Exclude all images and print the entries below exactly.
═════ Task inputs
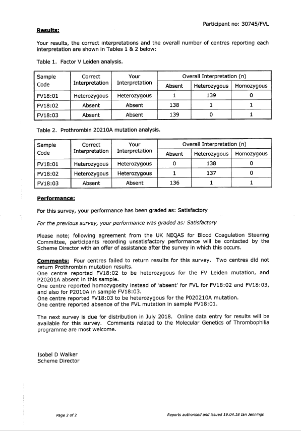 Firma testDNA Laboratorium Sp. z o.o. wzięła udział w programie UK NEQAS (United Kingdom National External Quality Assessment Scheme for Molecular Genetics). Jego celem jest zewnętrzna kontrola jakości badań genetycznych czynnika V Leiden oraz mutacji genu protrombiny.
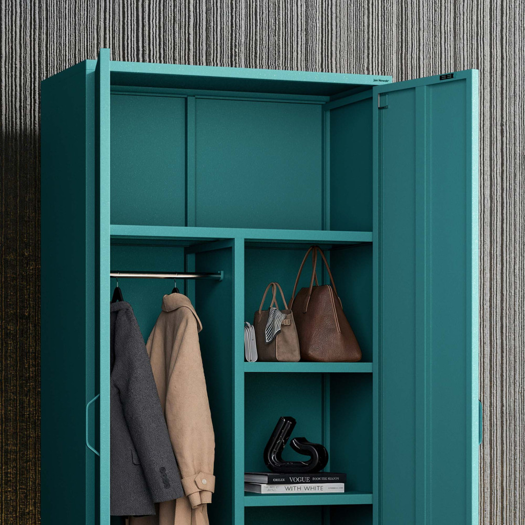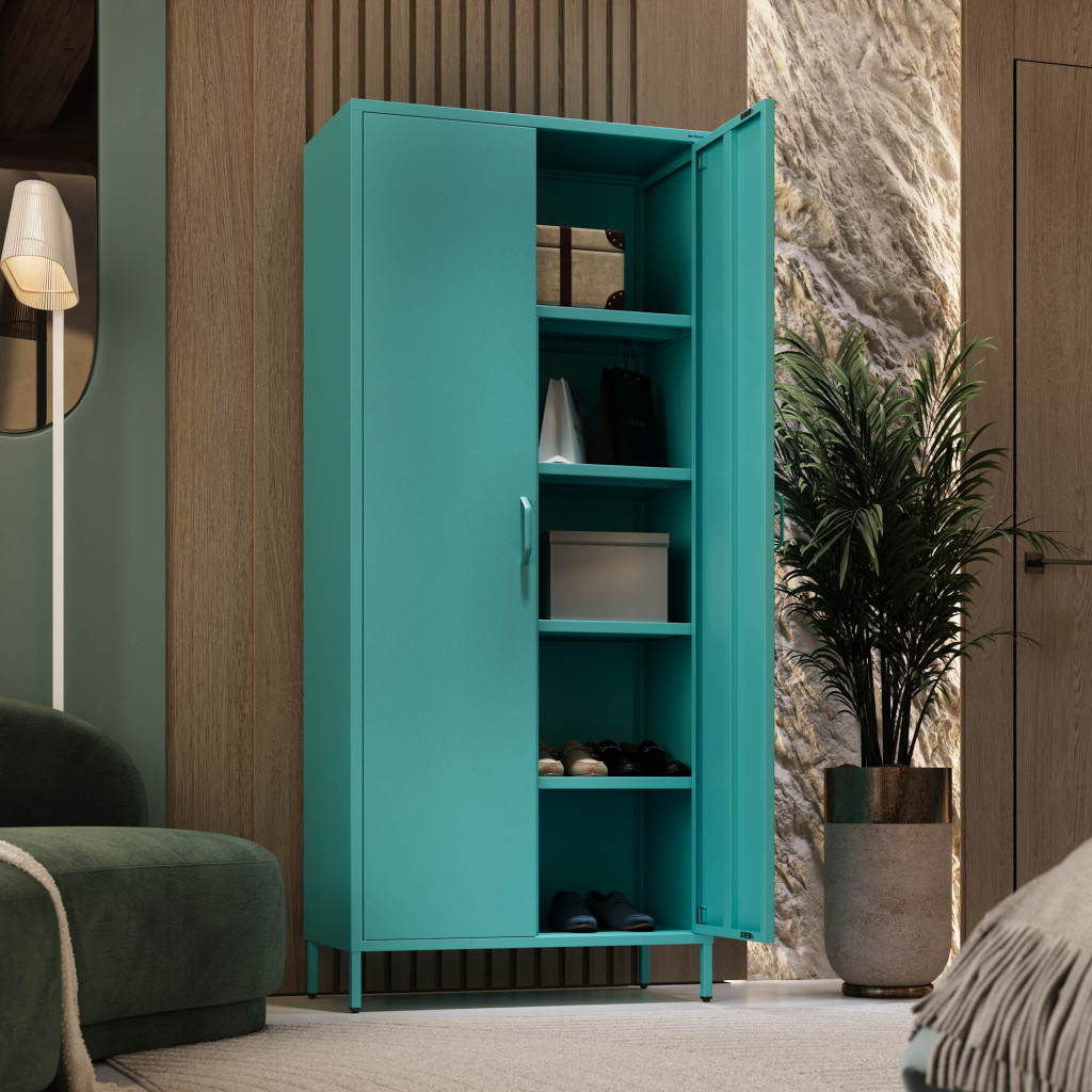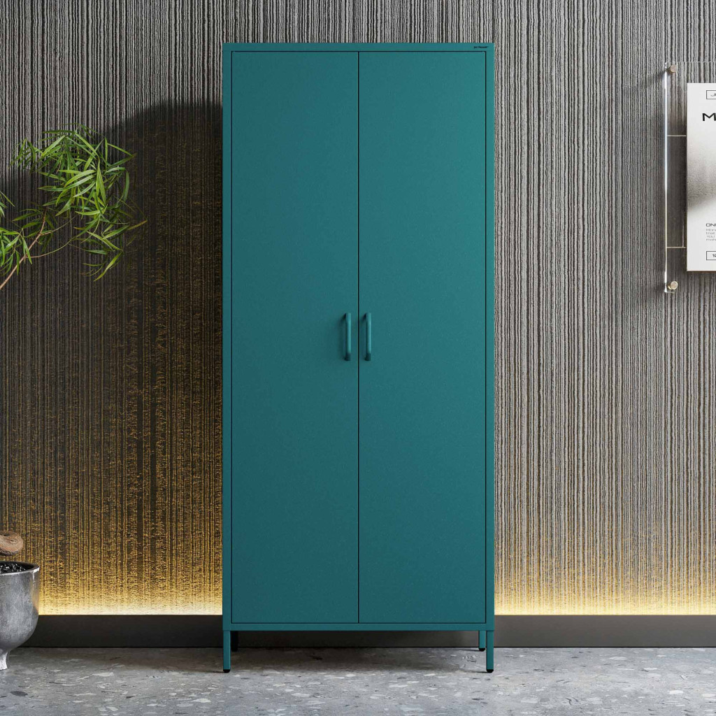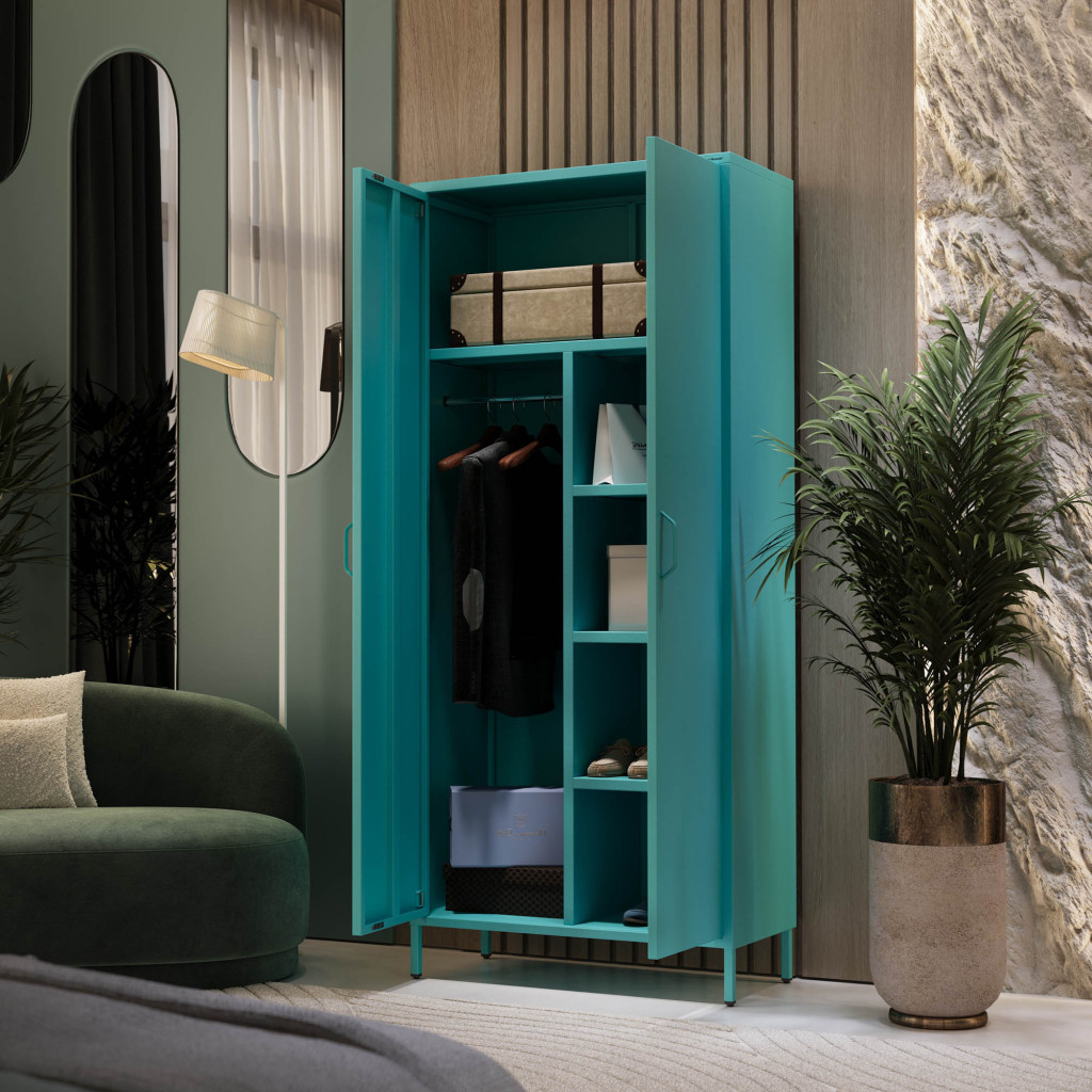 A türkiz FLAVIO fém gardróbszekrény a modern enteriőrök igazi különc szépsége: egyszerre praktikus, magabiztos, és tele van olyan apró részlettel, amely miatt újra és újra ránézel. A Sparkling Brilliance™ bevonat különleges türkiz árnyalata fényben olyan finom csillogást hoz létre, mintha egy óceánfelszín mozdulna meg a szobában — ettől a bútor nem egyszerű tároló, hanem látványelem is, amely saját hangulatot teremt maga körül.
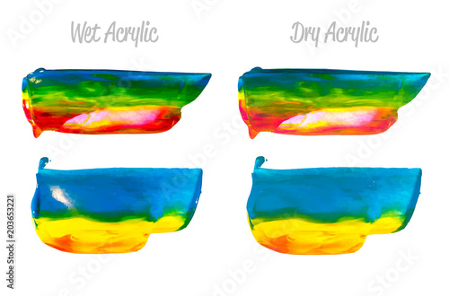 © Octostockus, Obraz premium Vector purple, blue, yellow paint smear stroke stain set. Abstract acrylic textured art illustration. Acrilyc Texture Paint Illustration. Hand drawn brush strokes vector elements. Acrilyc strokes.
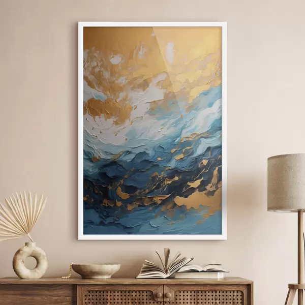 Poster Cuadro abstracto con colores azul y blanco. Nr f40328
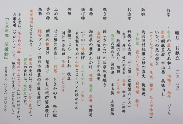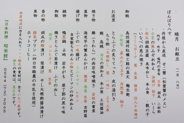 「料理長の日記」  三重県いなべ市             阿下喜(あげき)の日本料理 昭栄館
══════════
→ Task result:
 Firma testDNA Laboratorium Sp. z o.o. wzięła udział w programie UK NEQAS (United Kingdom National External Quality Assessment Scheme for Molecular Genetics). Jego celem jest zewnętrzna kontrola jakości badań genetycznych czynnika V Leiden oraz mutacji genu protrombiny.
 A türkiz FLAVIO fém gardróbszekrény a modern enteriőrök igazi különc szépsége: egyszerre praktikus, magabiztos, és tele van olyan apró részlettel, amely miatt újra és újra ránézel. A Sparkling Brilliance™ bevonat különleges türkiz árnyalata fényben olyan finom csillogást hoz létre, mintha egy óceánfelszín mozdulna meg a szobában — ettől a bútor nem egyszerű tároló, hanem látványelem is, amely saját hangulatot teremt maga körül.
 © Octostockus, Obraz premium Vector purple, blue, yellow paint smear stroke stain set. Abstract acrylic textured art illustration. Acrilyc Texture Paint Illustration. Hand drawn brush strokes vector elements. Acrilyc strokes.
 Poster Cuadro abstracto con colores azul y blanco. Nr f40328
 「料理長の日記」  三重県いなべ市             阿下喜(あげき)の日本料理 昭栄館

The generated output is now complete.